**WHAT YOU NEED TO DO:**
Transcribe, exactly and without pictures, the lines below from the line with "The participants of" to the line with "Wool canvas cargo", both ends included, and no others.

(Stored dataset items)
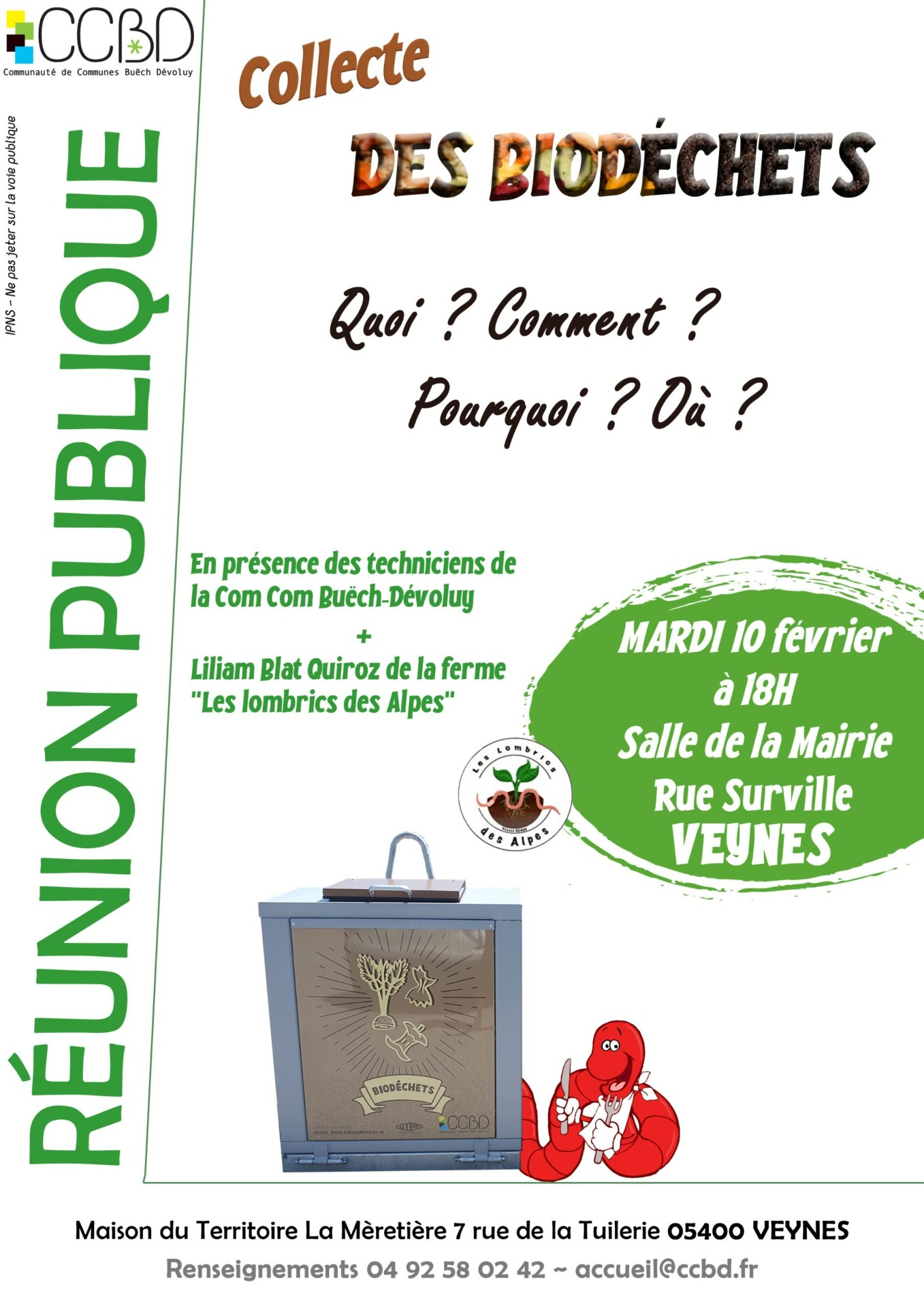 A gauche, l'annonce par la communauté de communes Buëch-Dévoluy d'une réunion sur la collecte des biodéchets incluant la question de savoir "pourquoi trier les biodéchets".
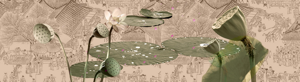 本作品内容为莲蓬莲花文艺国画名作清明上河图背景, 格式为 jpg, 图片尺寸为1920 x 530, 作品中背景图片无需修改, 源文件无水印,可以直接使用, 欢迎使用熊猫办公。 如认为平台内容涉嫌侵权,可通过邮件:tousu@tukuppt.com提出书面通知,我们将及时处理。
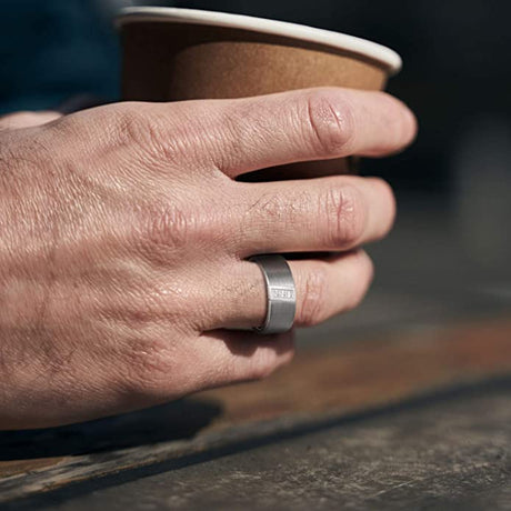 8mm - Silver Tungsten wedding Ring, Brushed Finish Stepped Edges,
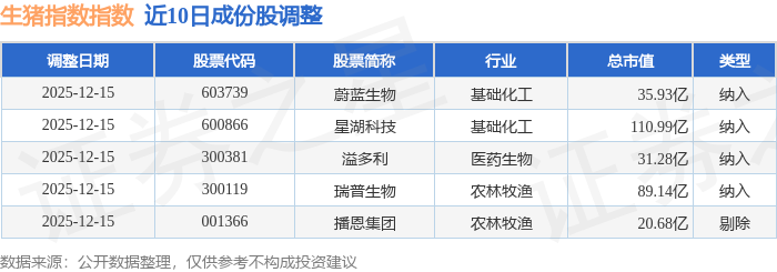 近10日内生猪指数(980073)成份股做了调整,新纳入了4只股票,剔除了1只股票。
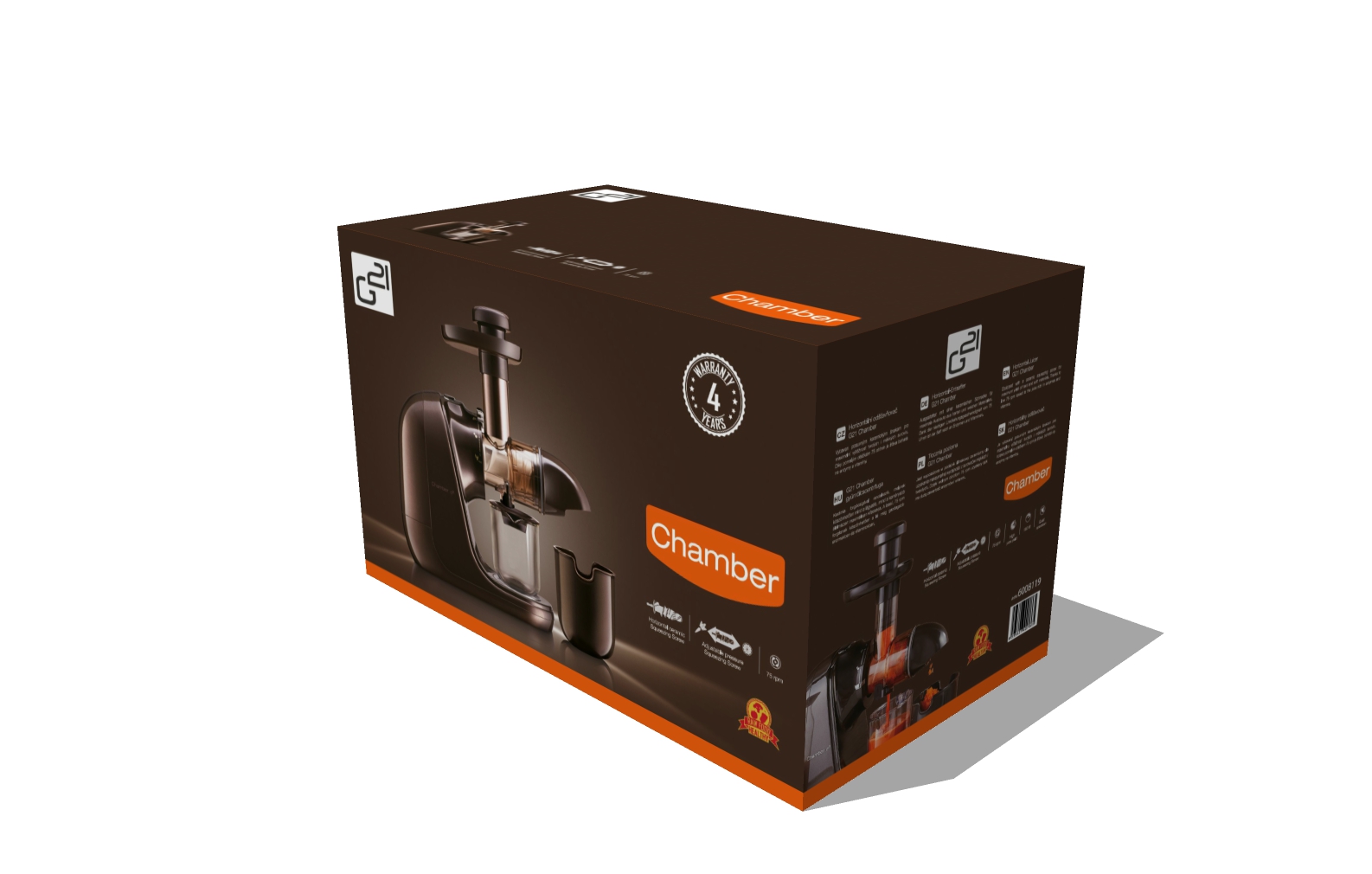 Čistá přírodní šťáva, plná vitamínů a živin díky horizontálnímu odšťavňovači G21 Chamber. Šnekový odšťavňovač G21 Chamber se zárukou 4 roky vám snadno, rychle a čistě připraví dokonalý požitek. Ale to není ani zdaleka všechno.
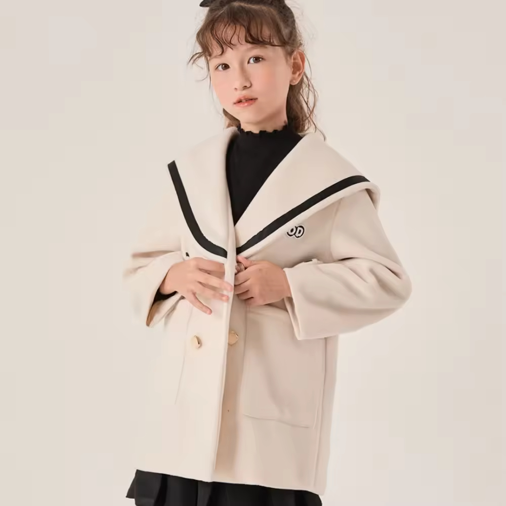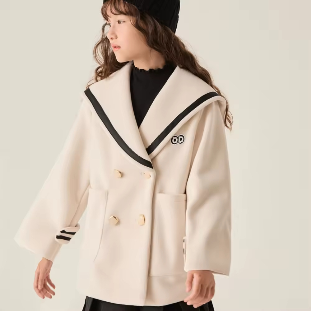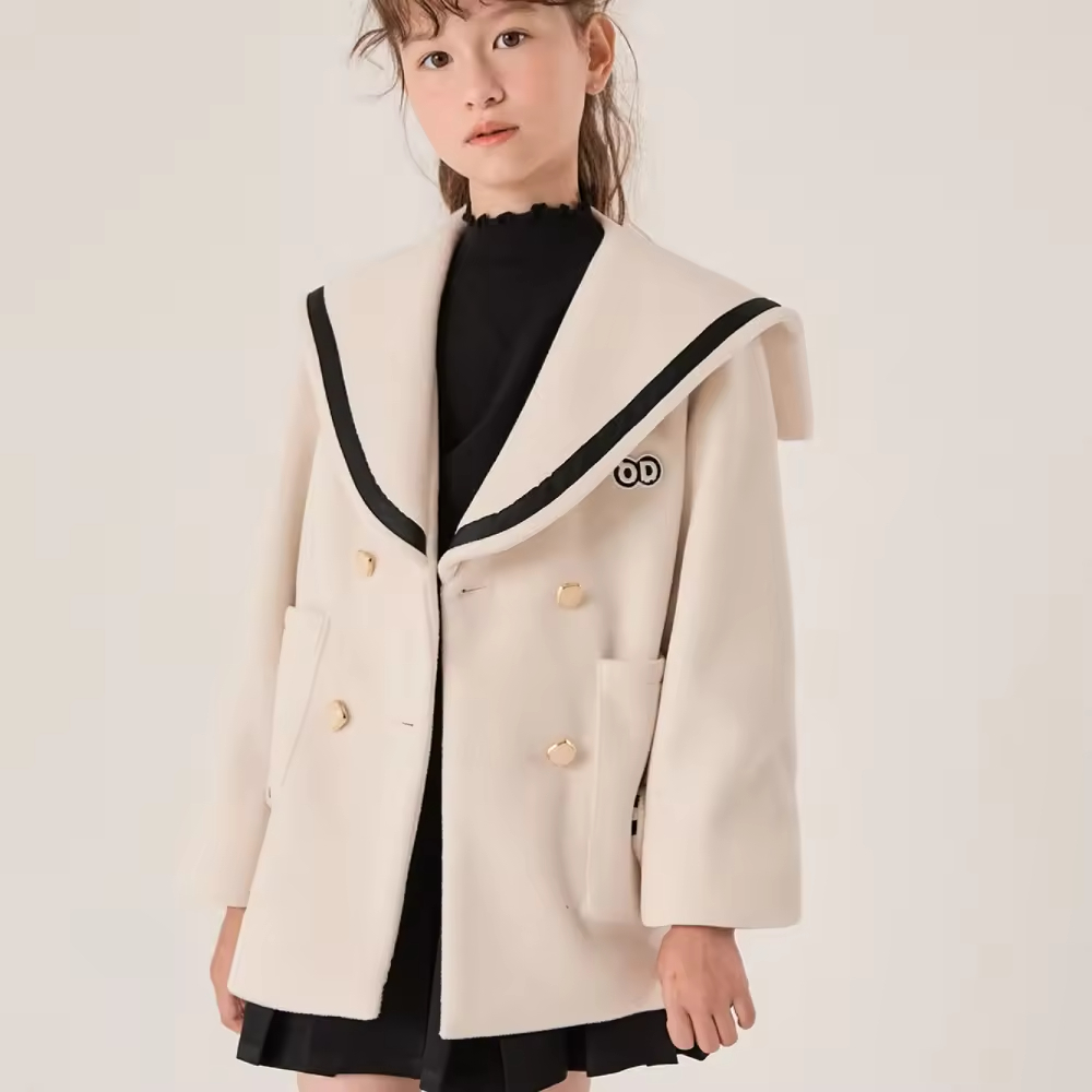 12-Year-Old Girl's Fashionable Solid Style Trench Coat Printed Outerwear Plus Size Clothing
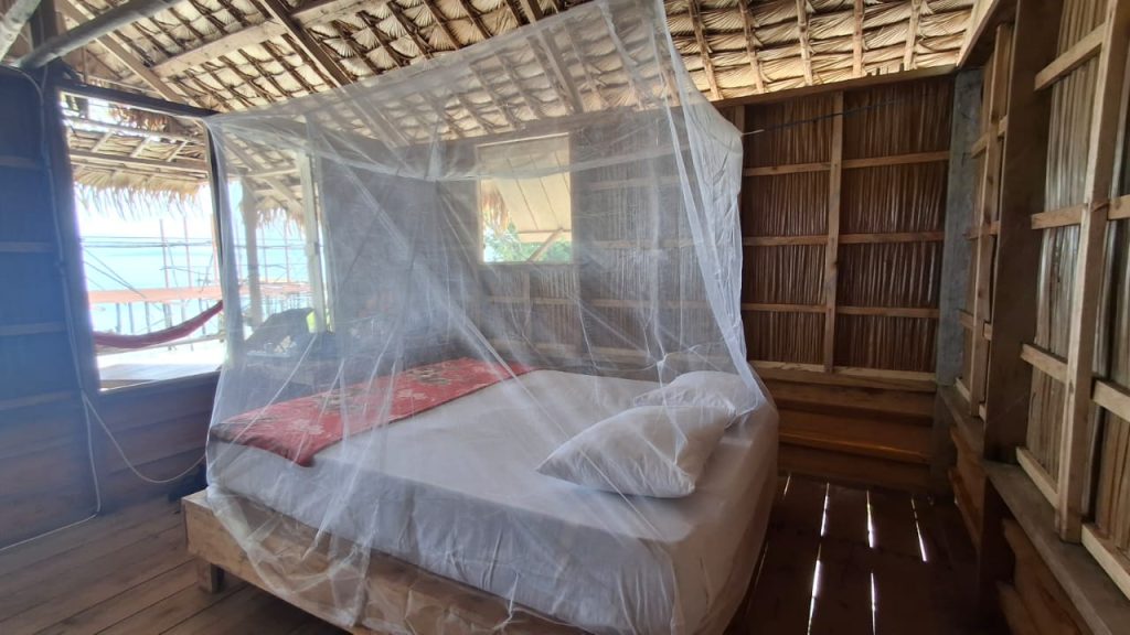Mosquito nets are provided on all beds, and sea breezes help keep evenings comfortable.
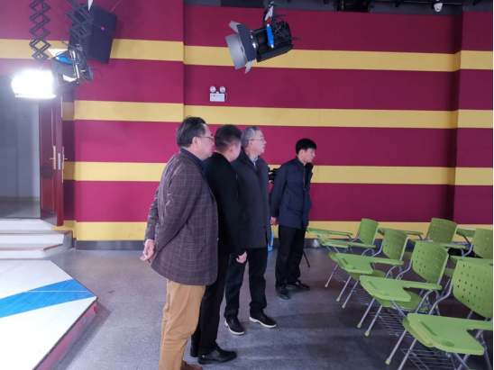 艺术与太阳成城集团tyc234cc官网常务副经理戴经理、副经理梅国海向冯董事长简要地汇报了公司的工作后,陪同冯董事长一行到公司演播厅、同声传译会议室(知音厅)、综合设计实验室、录音实验室、摄影实验室等检查指导。
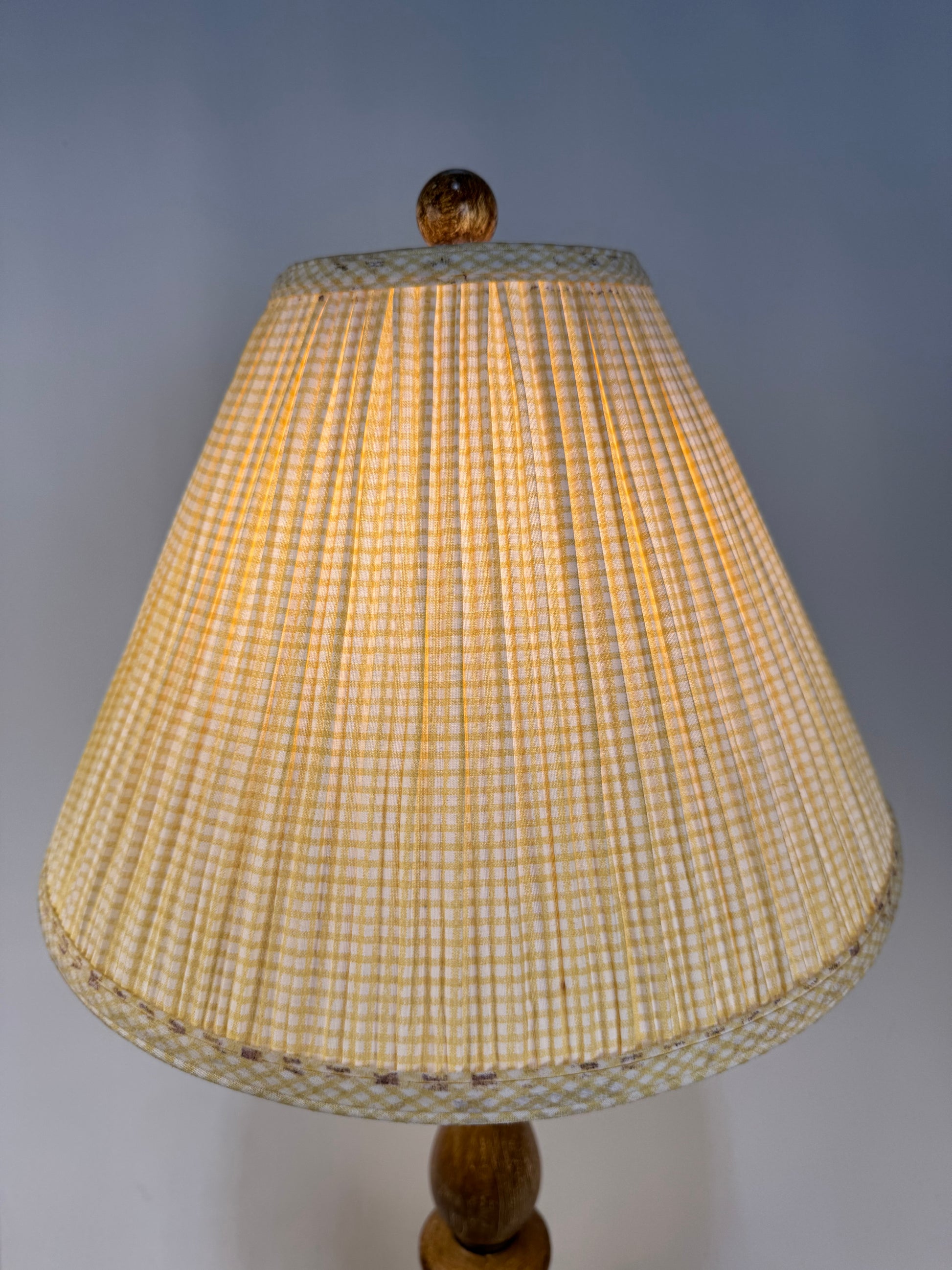 Traditional Table Lamp Maple Wood with Yellow Lattice Pleated Shade.
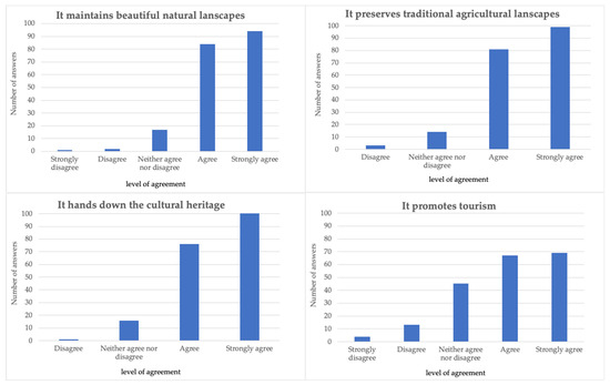 The participants of the survey showed a highly positive perception of the role played by extensive rearing of Podolian cattle on the landscape and territory for keeping local culture and traditions, thus promoting the development and preservation of marginal areas. In a study conducted in the French territory, nearly all the respondents stated that landscapes shaped by agricultural activities involving livestock could be considered “cultural” as they unquestionably play a significant role in shaping the unique identity of each region [
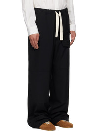 Wool canvas cargo pants. · Drawstring at elasticized waistband · Four-pocket styling · Zip-fly · Flap pocket at front leg Supplier color: Black 100% wool. Made in Romania 251358M191015
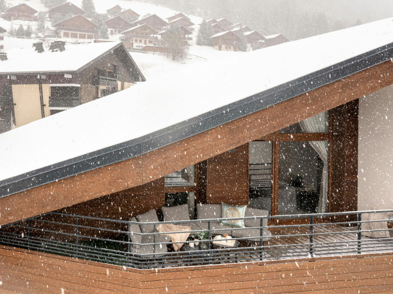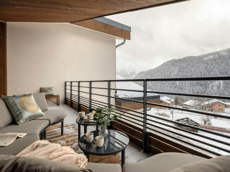 Ein Balkon mit einem Sofa bietet einen privilegierten Aussichtspunkt auf die Berge und das Tal, und in einem Spielzimmer mit Sofa und Fernseher können sich die Kinder ungestört vergnügen.
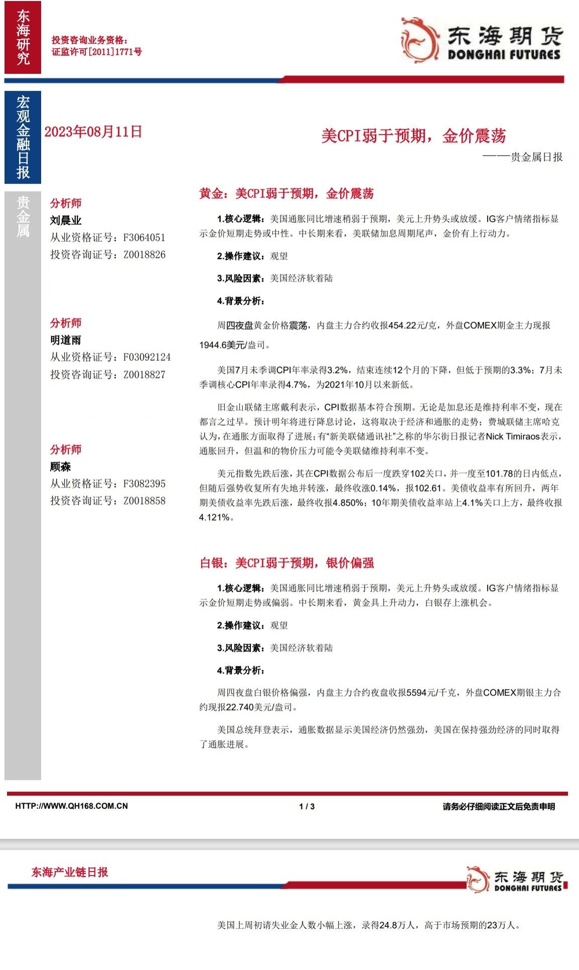 标题:【东海期货8月11日产业链日报】贵金属篇:美CPI弱于预期,金价震荡
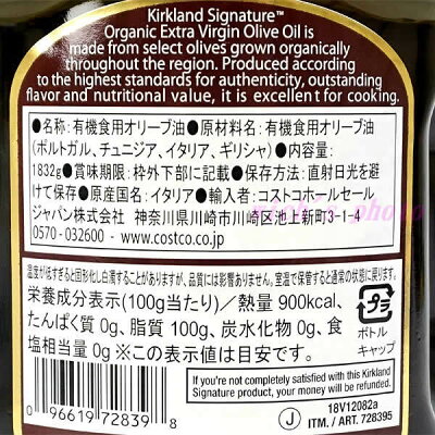 KIRKLAND カークランド シグネチャー オーガニックエクストラバージンオリーブオイル 1832g 有機JAS Organic Extra Virgin Olive Oil 有機 コストコ COSTCO 通販 送料無料 温度が低すぎると固形化、白濁することがありますが、品質には影響がありません。

**ANSWER BOX:**
 The participants of the survey showed a highly positive perception of the role played by extensive rearing of Podolian cattle on the landscape and territory for keeping local culture and traditions, thus promoting the development and preservation of marginal areas. In a study conducted in the French territory, nearly all the respondents stated that landscapes shaped by agricultural activities involving livestock could be considered “cultural” as they unquestionably play a significant role in shaping the unique identity of each region [
 Wool canvas cargo pants. · Drawstring at elasticized waistband · Four-pocket styling · Zip-fly · Flap pocket at front leg Supplier color: Black 100% wool. Made in Romania 251358M191015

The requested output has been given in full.